According to Rui Cao, lead author and postdoctoral scholar research associate in medical engineering, certain applications, such as analysing tissue samples without requiring a microscope slide, need imaging of uneven surfaces at high spatial resolution. Hence, the new technology has addressed the trade-off between resolution and depth of field.

By adopting a longer, thinner, and more “needle-shaped” laser light beam than other PAM technologies, NB-PAM enhances the depth of field. By altering the optical properties of the beam, it is possible to avoid some of the problems that come with previous attempts to enhance the depth of field of PAM technology, such as slower operation or increased computing power needs.

A diffractive optical element (DOE) is a specialised tool used to produce this needle-shaped beam. A DOE appears to be a thin sheet of glass to the untrained eye, but it is a piece of fused silica with precise patterns carved on it.

These patterns alter the form of the imaging beam of light, causing it to be dragged out into a long, thin neck rather than focusing on a sharp point along the propagation axis. As a result, it can image objects more clearly at a wider range of depths.

The researchers used two different imaging techniques to show this increased depth of field, including imaging in vivo mouse brain vasculature with a blue laser and imaging fresh organ samples with an ultraviolet laser.

According to Wang, this approach opens new possibilities for examining tissue samples during surgery, allowing total eradication of malignant cells and maximum preservation of normal ones.
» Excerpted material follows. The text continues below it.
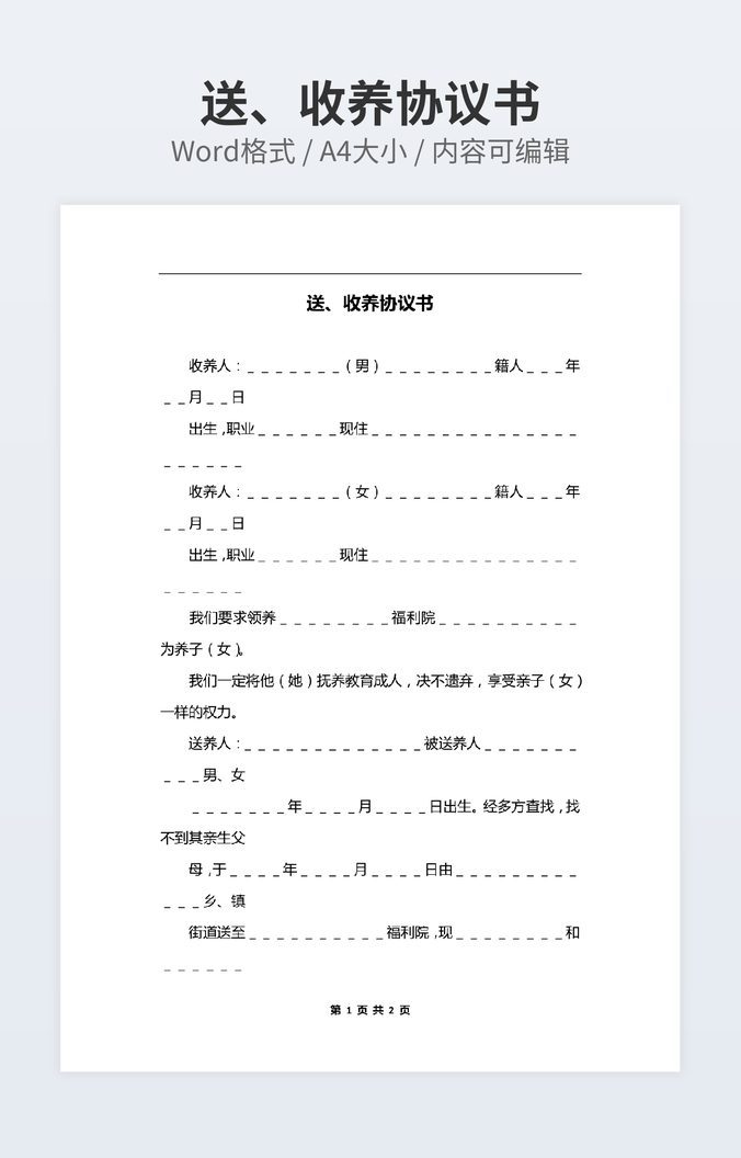上一篇:赡养老人协议书范本下一篇:送、收养协议书为您推荐
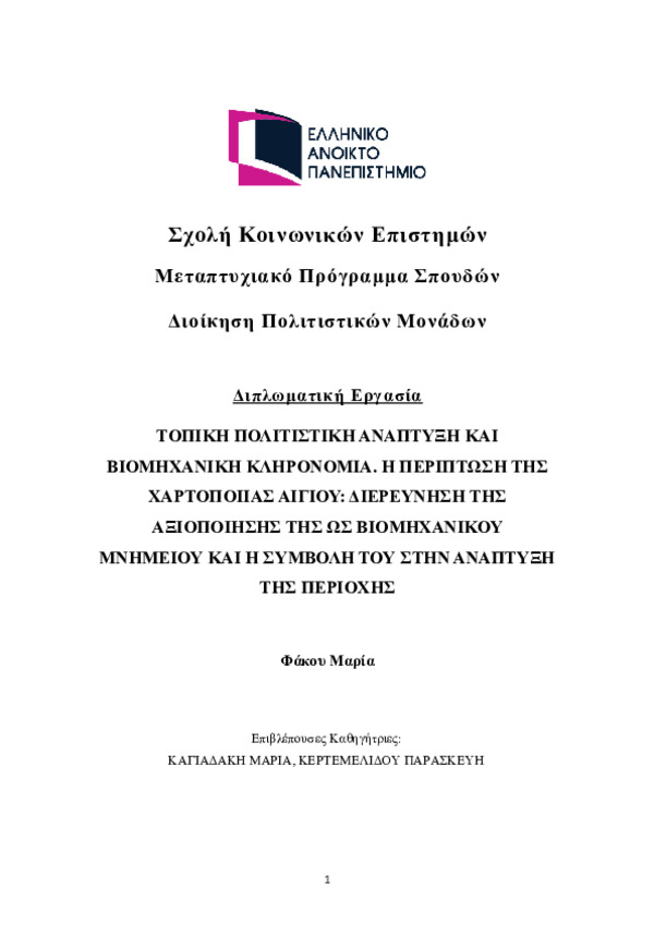 ΤΟΠΙΚΗ ΠΟΛΙΤΙΣΤΙΚΗ ΑΝΑΠΤΥΞΗ ΚΑΙ ΒΙΟΜΗΧΑΝΙΚΗ ΚΛΗΡΟΝΟΜΙΑ. Η ΠΕΡΙΠΤΩΣΗ ΤΗΣ ΧΑΡΤΟΠΟΙΙΑΣ ΑΙΓΙΟΥ: ΔΙΕΡΕΥΝΗΣΗ ΤΗΣ ΑΞΙΟΠΟΙΗΣΗΣ ΤΗΣ ΩΣ ΒΙΟΜΗΧΑΝΙΚΟΥ ΜΟΥΣΕΙΟΥ ΚΑΙ Η ΣΥΜΒΟΛΗ ΤΟΥ ΣΤΗΝ ΑΝΑΠΤΥΞΗ ΤΗΣ ΠΕΡΙΟΧΗΣ.

Translation into the operation room is a logical area for investigation in the future.

Meanwhile, the only core facility on the Caltech campus that offers light microscopy facilities is the Biological Imaging Facility or BIF (formerly known as the Biological Imaging Centre, BIC).

The BIF offers software tools for processing and interpreting image data in addition to microscopes. Two computer workstations at the BIF are equipped with Bitplane’s Imaris 3D/4D image processing and visualisation software.

A third computer workstation is running the Linux version of Scientific Volume Imaging B.V.’s (SVI) Huygens software, a strong image deconvolution application.